Mixed-Use Developments and Smart Growth Cities
Assembly Row at Assembly Square

Prior to the mid-20th century, people lived in dense, city neighborhoods where each block was comprised of varied, mixed-use buildings. After World War II, the low cost of land and the baby boom led people to desire more space. Suburban subdivisions, which offered more square footage and outdoor space, with a short commute to the city became prominent and lured the middle class away from these dense, urban environments.

The exodus of people moving from city centers to suburban developments, a concept known as urban sprawl, had many downfalls. Typically, houses in these subdivisions were mass produced; quickly and cheaply built without attention to detail or design. As a result, these new neighborhoods lacked a sense of community distinctiveness and cohesiveness. Accessible only by car, suburban developments created a car-dependent society and led to higher amounts of air and water pollution along with increased traffic fatalities.
In the 1980s a new movement called New Urbanism arose as a response to the environmental problems and characterless, standardized design associated with urban sprawl. The movement's main concepts focused on creating architecture that builds a sense of community and the development of ecological practices.
New Urbanists believed that:

  • Neighborhoods should be diverse in use and population
  • Communities should be designed to be walkable and connected to mass transit in addition to being accessible by car
  • Urban places should be framed by architecture and landscape design that celebrate local history, climate, ecology, and building practice

The New Urbanist movement has evolved into the theory of “Smart Growth”, which concentrates new development in compact, urban centers to avoid sprawl. Smart growth cities strive to create a unique sense of community and place while offering an expanded range of transportation, employment, and housing choices. These cities seek to preserve and enhance natural and cultural resources while promoting public health.
A local example of a smart growth city development in Greater Boston is Assembly Square. Located along Route 93 in Somerville, Assembly Row at Assembly Square is a new urban village developed on a brownfield site formerly occupied by the Ford Motor Company plant until its closure in 1958.

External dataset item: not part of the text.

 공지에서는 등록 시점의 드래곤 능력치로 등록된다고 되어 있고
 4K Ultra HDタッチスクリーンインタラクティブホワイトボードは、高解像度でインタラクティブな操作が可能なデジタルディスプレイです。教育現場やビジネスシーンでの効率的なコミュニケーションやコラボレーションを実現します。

 Built in a series of phases, developers broke ground on the once blighted site in 2012 transforming 45 acres into a dynamic destination that offers first-class working, living, shopping, entertainment, and dining experiences to both residents and visitors.

The goal during master planning was to create a cohesive program and establish design principles that would give Assembly Row its character through thoughtfully designed streetscapes, public spaces, parkland, and building design. Regional inspiration was taken from Newbury Street in Boston, and used to create a rhythm and hierarchy of detail in the building facade design. Each block-long elevation was designed to encourage the appearance of multiple buildings through varied massing and diverse material quality.

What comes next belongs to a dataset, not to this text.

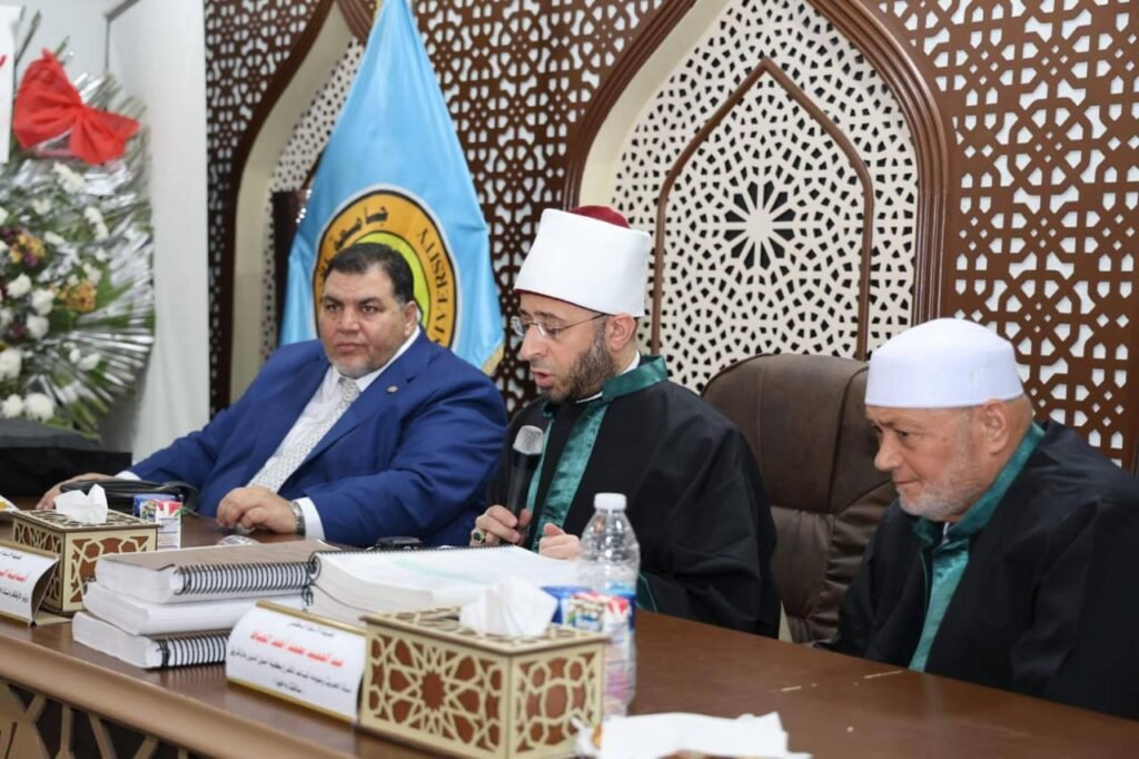 وضمَّت لجنة المناقشة والحكم على الرسالة كلًّا من: الأستاذ الدكتور أسامة الأزهري – وزير الأوقاف، أستاذ الحديث وعلومه المساعد بكلية أصول الدين بالقاهرة – مشرفًا أصليًّا؛ والأستاذ الدكتور عاطف محمد أبو العباس – مدرس الحديث وعلومه بكلية أصول الدين والدعوة بالزقازيق – مشرفًا مشاركًا؛ والأستاذ الدكتور عبد الحميد محمد أحمد العياط – أستاذ الحديث وعلومه المتفرغ بكلية أصول الدين والدعوة بالزقازيق – مناقشًا داخليًّا، والأستاذ الدكتور أحمد محمد علي بيومي – أستاذ الحديث وعلومه، العميد السابق لكلية الدراسات الإسلامية والعربية للبنات بالقرين، عضو اللجنة العلمية الدائمة لترقية الأساتذة والأساتذة المساعدين – مناقشًا خارجيًّا. وقد استُهلَّت المناقشة بتلاوة قرآنية عطرة للقارئ الشيخ عبد الفتاح الطاروطي.

 Assembly Row features interconnecting, pedestrian friendly streets forming an inclusive neighborhood for residents. Direct access to Boston via the recently constructed Assembly Station along the MBTA Orange Line allows easy accessibility for visitors. Purposefully designed open space for public gatherings surrounded by distinct storefronts enhance the sense of community throughout the neighborhood. Assembly Row at Assembly Square has developed into a unique, intentionally designed mixed-use community that has enriched the city of Somerville.

 Communities like these are prevalent all across the country. Some additional smart growth, mixed-use communities include Pike and Rose in North Bethesda, MD and Santana Row in San Jose, CA.

Interested in reading more? To learn more about smart growth development, check out this resource from the United States Environmental Protection Agency.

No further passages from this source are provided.